TASK BRIEF: Without reproducing any picture, copy the records word for word.

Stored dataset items
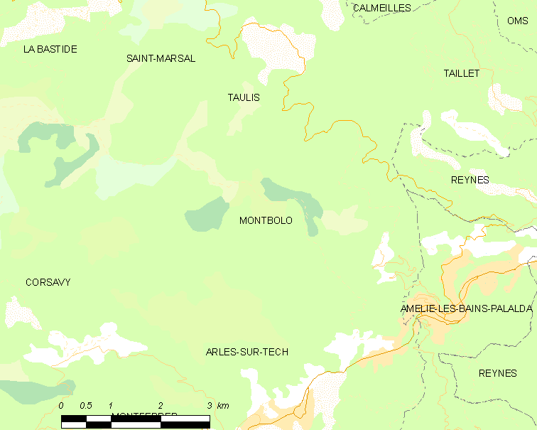 Map of French municipality
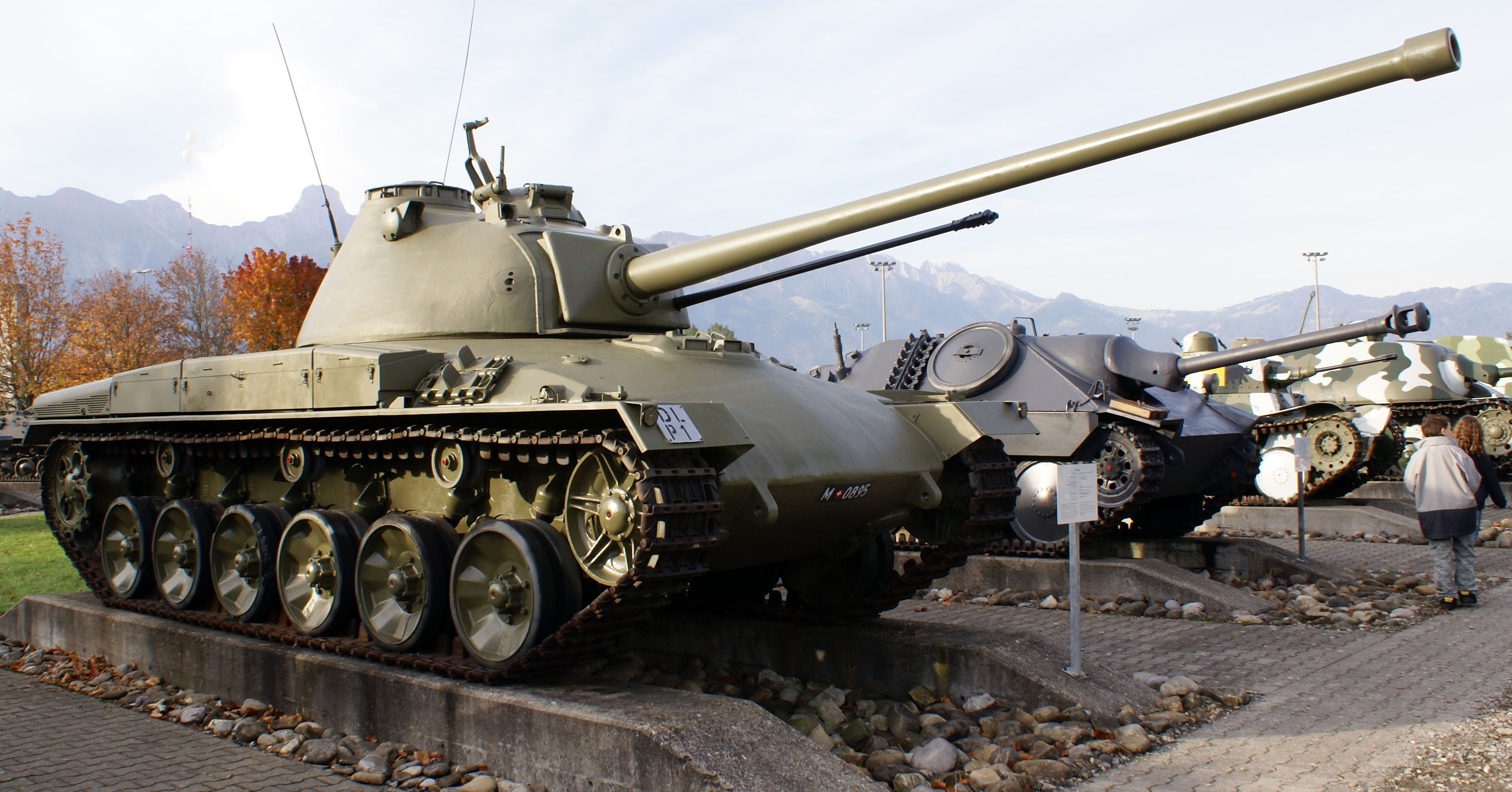 Swiss Army. Main battle tank 58. Tank Museum Thun.
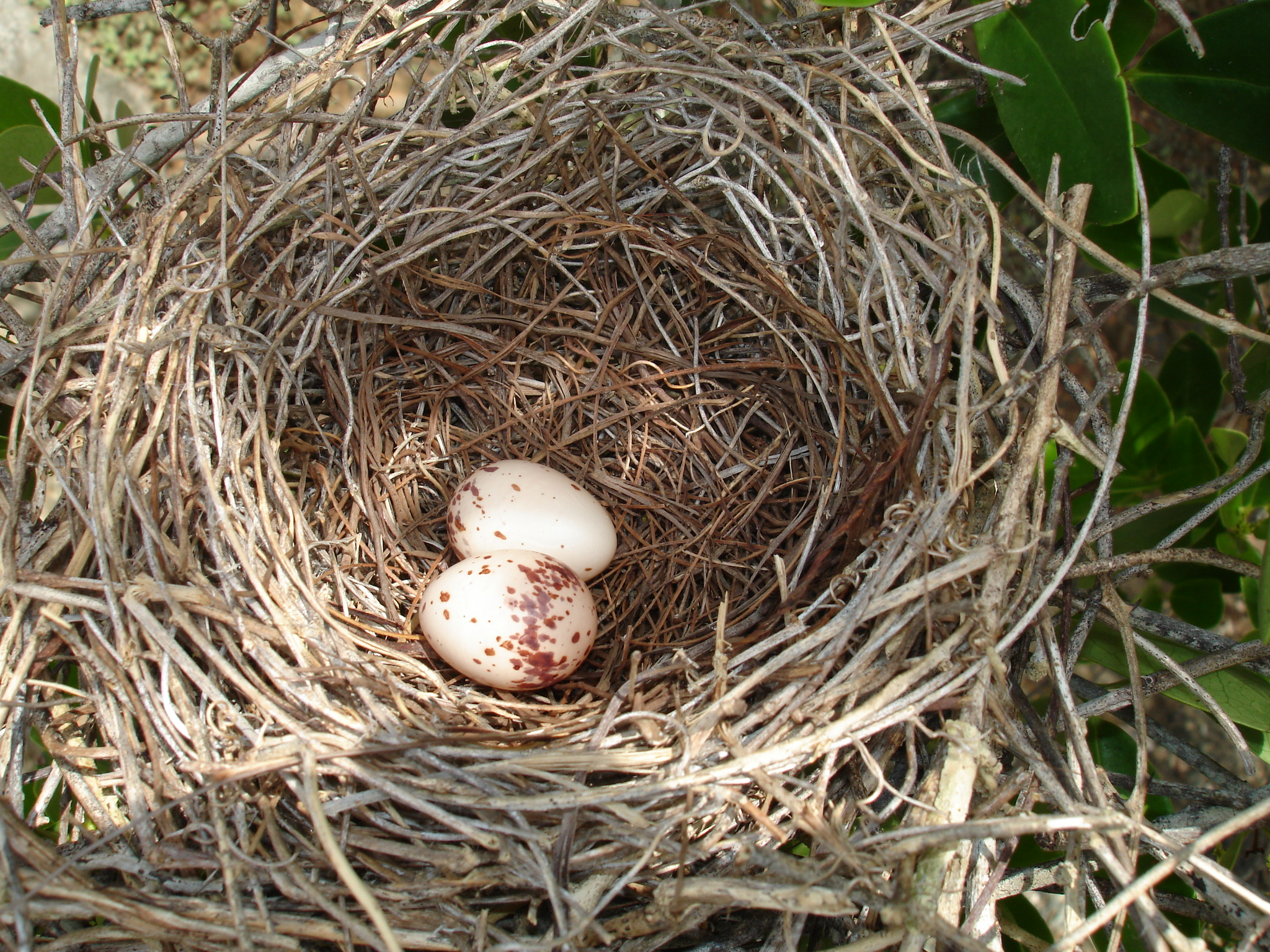 This a digital photo of the nest of a Grey Kingbird taken on the shore of Waterlemon Bay on Saint John Island in the Caribbean.
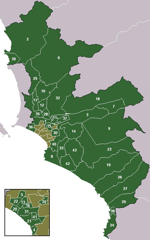 Provinces of Lima, Peru
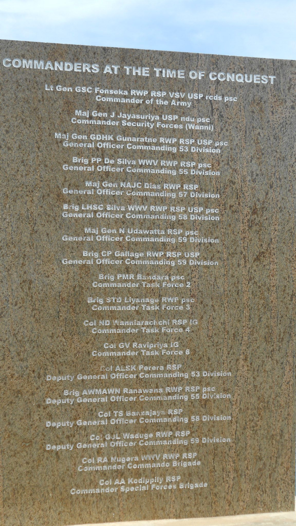 The monument that was unveiled after the victory of the Sri Lankan Army in the civil war in Sri Lanka naming the commanders that were present at the time of the conquest.
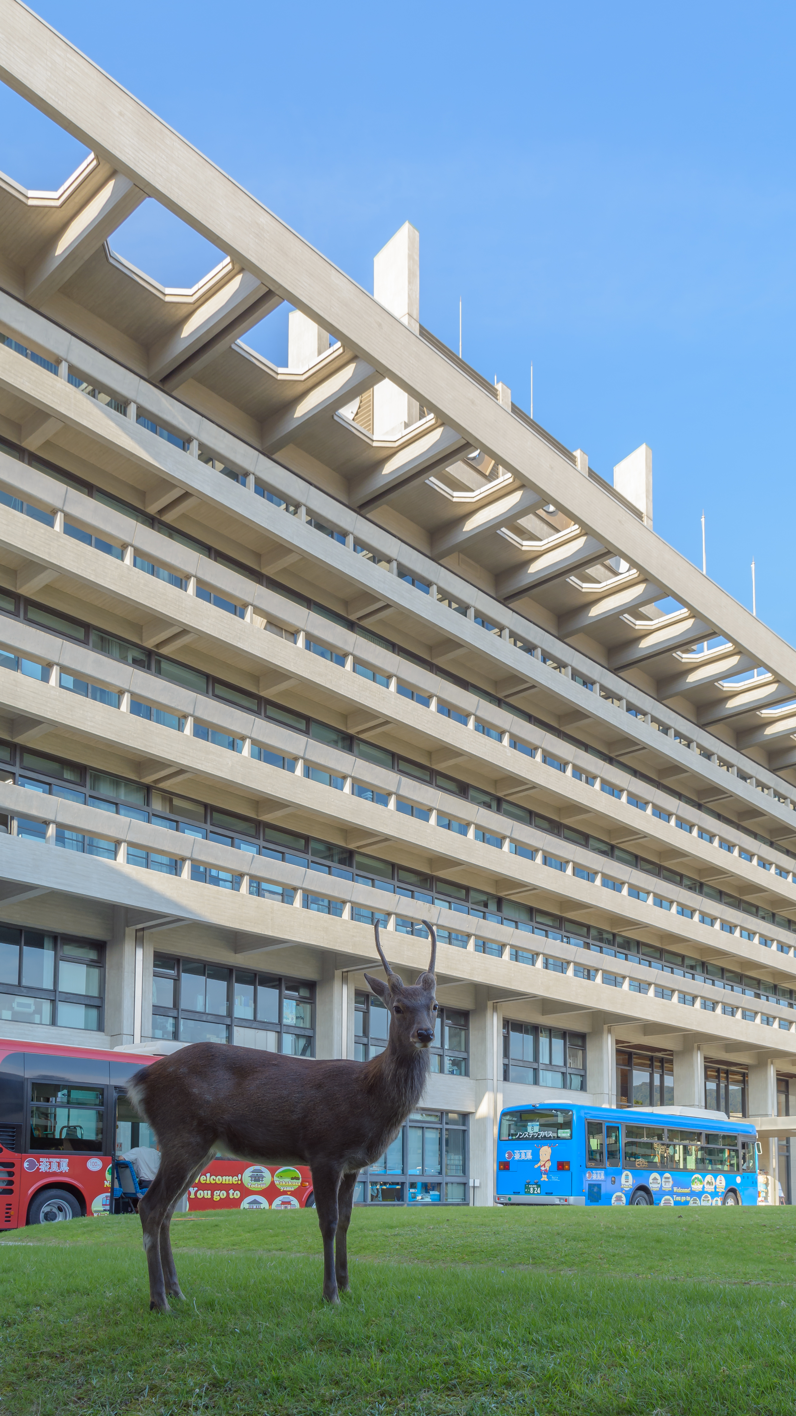 Nara prefectural government office with a male deer.
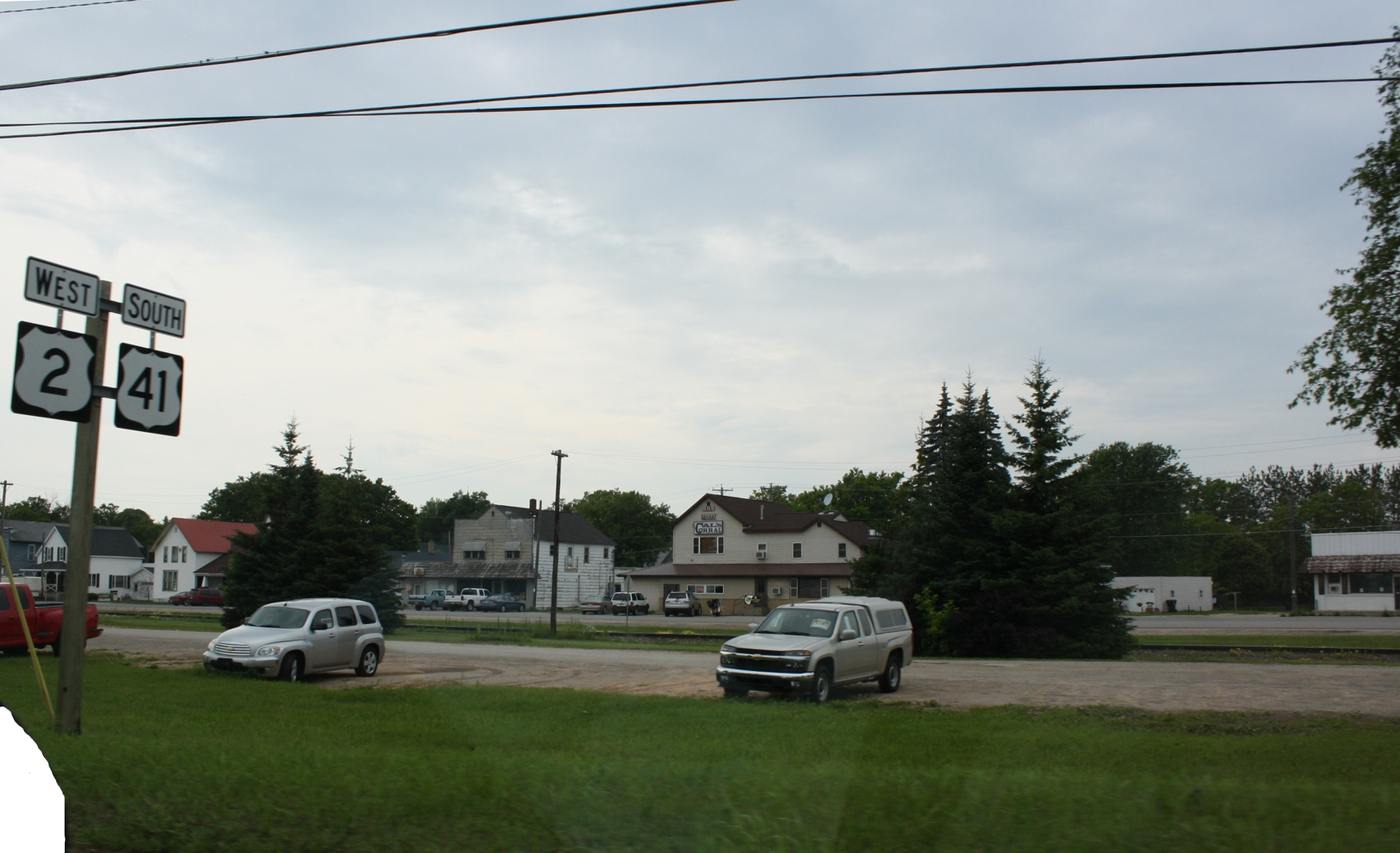 Looking northwest at downtown Bark River, Michigan from U.S. Route 2 / U.S. Route 41.
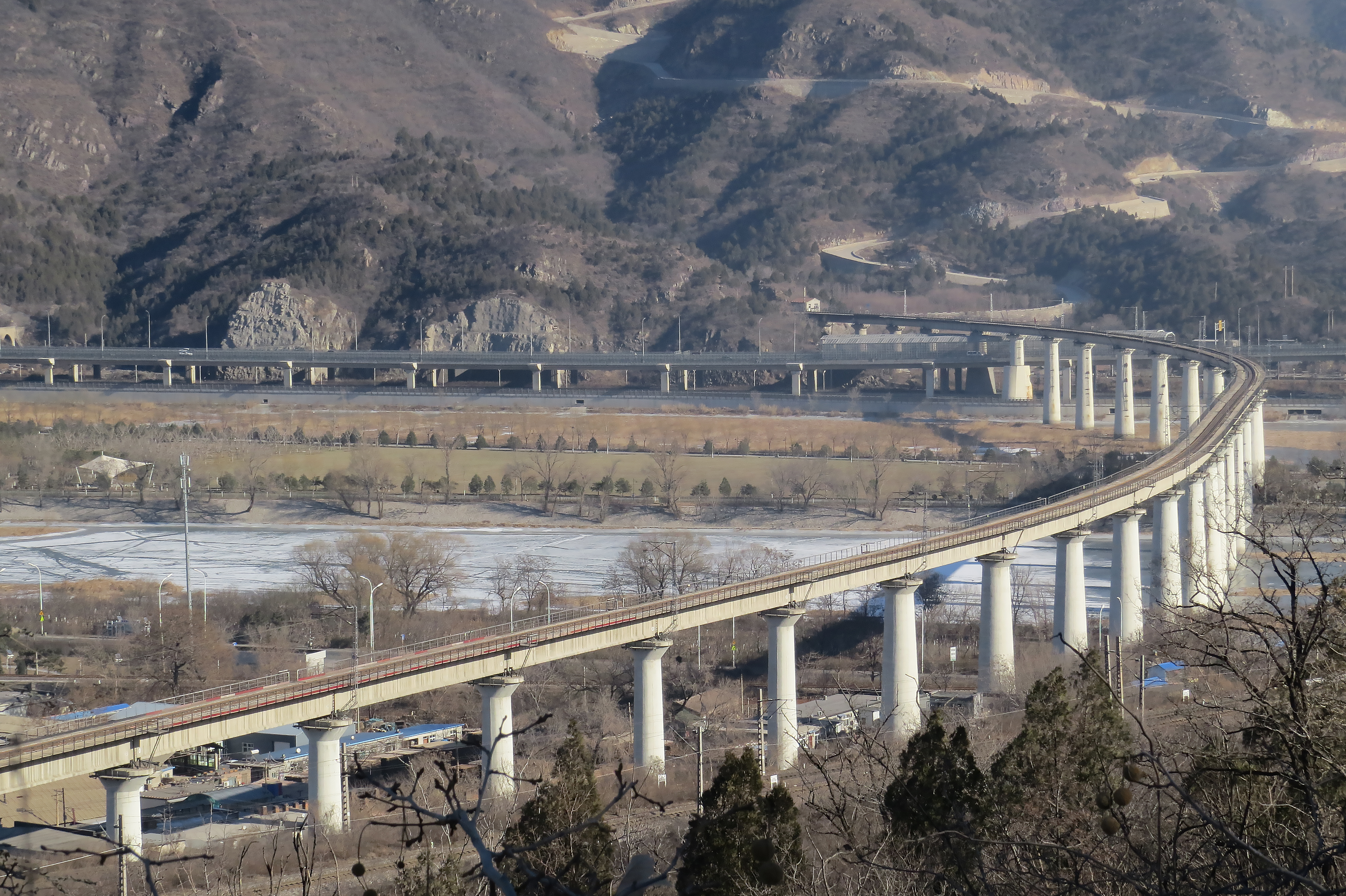 No trains at that moment.

SOLUTION FOR THIS TASK:
 Map of French municipality
 Swiss Army. Main battle tank 58. Tank Museum Thun.
 This a digital photo of the nest of a Grey Kingbird taken on the shore of Waterlemon Bay on Saint John Island in the Caribbean.
 Provinces of Lima, Peru
 The monument that was unveiled after the victory of the Sri Lankan Army in the civil war in Sri Lanka naming the commanders that were present at the time of the conquest.
 Nara prefectural government office with a male deer.
 Looking northwest at downtown Bark River, Michigan from U.S. Route 2 / U.S. Route 41.
 No trains at that moment.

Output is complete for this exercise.